在下面的示例代码中,我们绘制另一种类型的轴,它显示扇区的相对百分比。我们首先通过 preAllocateTracks 预分配一个空轨道,然后回到这个轨道上添加轴。
你可以看到我们将第一个轴添加到第二个轨道的顶部。你也可以把它们放在第一个轨道的底部。
# similar as the previous example, but we only plot the grid track
chordDiagram(mat, grid.col = grid.col, annotationTrack = "grid",
preAllocateTracks = list(track.height = mm_h(5)))
for(si in get.all.sector.index()) {
circos.axis(h = "top", labels.cex = 0.3, sector.index = si, track.index = 2)
}
现在我们回到第一个轨道,添加第二种类型的轴和扇区名称。panel.fun 里如果扇形小于 30 度,轴的刻度设置为 0.5:
# the second axis as well as the sector labels are added in this track
circos.track(track.index = 1, panel.fun = function(x, y) {
xlim = get.cell.meta.data("xlim")
ylim = get.cell.meta.data("ylim")
sector.name = get.cell.meta.data("sector.index")
xplot = get.cell.meta.data("xplot")
circos.lines(xlim, c(mean(ylim), mean(ylim)), lty = 3) # dotted line
by = ifelse(abs(xplot[2] - xplot[1]) > 30, 0.2, 0.5)

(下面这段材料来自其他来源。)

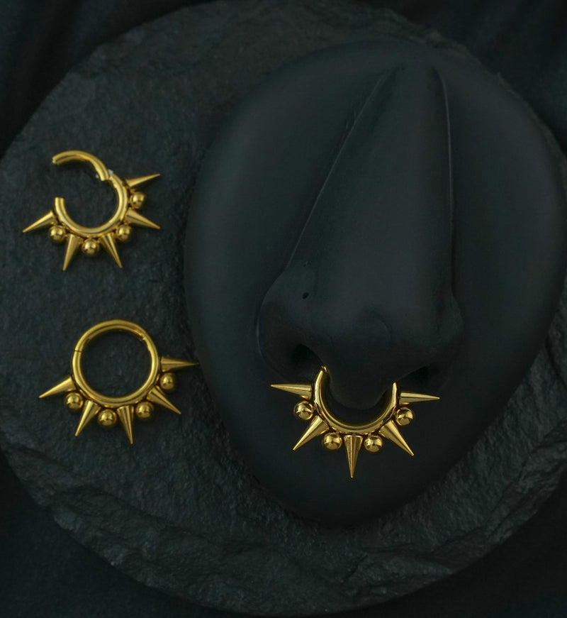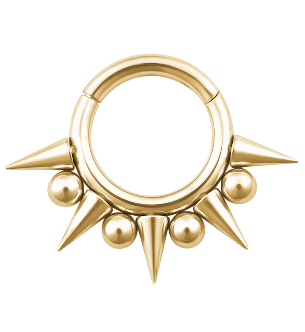 Get edgy with our Gold PVD Spike And Ball Stainless Steel Hinged Segment Ring. Sold individually, this 12G ring is made from gold pvd on 316L Stainless Steel and features a hinged segment for easy opening and closing. Great for healed piercings, the inner diameter sizes of 5/16" (8mm) and 3/8" (10mm) make it great for septum piercings.

for(p in seq(by, 1, by = by)) {
circos.text(p*(xlim[2] - xlim[1]) + xlim[1], mean(ylim) + 0.1,
paste0(p*100, "%"), cex = 0.3, adj = c(0.5, 0), niceFacing = TRUE)
}
circos.text(mean(xlim), 1, sector.name, niceFacing = TRUE, adj = c(0.5, 0))
}, bg.border = NA)
circos.clear()
4、水平或垂直对称
在和弦图中,当有两组时(如果输入是邻近矩阵,则对应行和列),将图旋转到水平方向或垂直方向对称总是比较很美观的:
par(mfrow = c(1, 2))
circos.par(start.degree = 0)
chordDiagram(mat, grid.col = grid.col, big.gap = 20)
abline(h = 0, lty = 2, col = "#00000080")
circos.clear()
circos.par(start.degree = 90)
chordDiagram(mat, grid.col = grid.col, big.gap = 20)
abline(v = 0, lty = 2, col = "#00000080")
circos.clear()
5、比较两个和弦图
通常,在和弦图中,mat 中的值被归一化为矩阵中绝对值的总和,这意味着连接的宽度仅代表相对值。然后,当比较两个和弦图时,有必要将两个图中连接的单位宽度用相同的比例表示。这个问题可以通过在具有较小矩阵的 Chord 图中添加较大的间隙来解决。
首先我们做一个大的和弦图:
mat1 = matrix(sample(20, 25, replace = TRUE), 5)
chordDiagram(mat1, directional = 1, grid.col = rep(1:5, 2), transparency = 0.5,
big.gap = 10, small.gap = 1) # 10 and 1 are default values for the two arguments
第二个矩阵的值只有 mat1 的一半:
mat2 = mat1 / 2
calc gap()可以用来计算第二个和弦图的间隙,使两个和弦图的比例相同:
gap = calc_gap(mat1, mat2, big.gap = 10, small.gap = 1)
chordDiagram(mat2, directional = 1, grid.col = rep(1:5, 2), transparency = 0.5,
big.gap = gap, small.gap = 1)
现在,如果你比较两个图中的轴的比例,两个和弦的比例是相同的:
6、多组和弦图
首先生成一个随机矩阵,其中有三组(A, B, C)。注意,这个功能对于输入数据框来说是一样的:
mat1 = matrix(rnorm(25), nrow = 5)
rownames(mat1) = paste0("A", 1:5)
colnames(mat1) = paste0("B", 1:5)
mat2 = matrix(rnorm(25), nrow = 5)
rownames(mat2) = paste0("A", 1:5)
colnames(mat2) = paste0("C", 1:5)
mat3 = matrix(rnorm(25), nrow = 5)
rownames(mat3) = paste0("B", 1:5)
colnames(mat3) = paste0("C", 1:5)
mat = matrix(0, nrow = 10, ncol = 10)
rownames(mat) = c(rownames(mat2), rownames(mat3))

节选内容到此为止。